Only a slice of the listing below is wanted. Retype the lines from the one containing "Guanti vintage in" through the one containing "Kenchii’s top performance", exactly, both ends included.

SUPPLIED RECORDS ▸
══════════════════════════════
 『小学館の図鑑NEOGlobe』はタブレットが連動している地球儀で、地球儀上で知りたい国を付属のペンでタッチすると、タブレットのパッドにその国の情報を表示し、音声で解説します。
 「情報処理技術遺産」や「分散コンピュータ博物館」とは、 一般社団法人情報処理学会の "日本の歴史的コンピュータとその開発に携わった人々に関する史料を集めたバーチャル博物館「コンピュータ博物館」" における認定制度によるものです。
══════════════════════════════
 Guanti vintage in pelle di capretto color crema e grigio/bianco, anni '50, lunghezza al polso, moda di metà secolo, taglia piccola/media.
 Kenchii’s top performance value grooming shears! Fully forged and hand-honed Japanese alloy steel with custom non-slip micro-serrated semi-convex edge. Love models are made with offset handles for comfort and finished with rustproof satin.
══════════════════════════════
RESPONSE ▸
 Guanti vintage in pelle di capretto color crema e grigio/bianco, anni '50, lunghezza al polso, moda di metà secolo, taglia piccola/media.
 Kenchii’s top performance value grooming shears! Fully forged and hand-honed Japanese alloy steel with custom non-slip micro-serrated semi-convex edge. Love models are made with offset handles for comfort and finished with rustproof satin.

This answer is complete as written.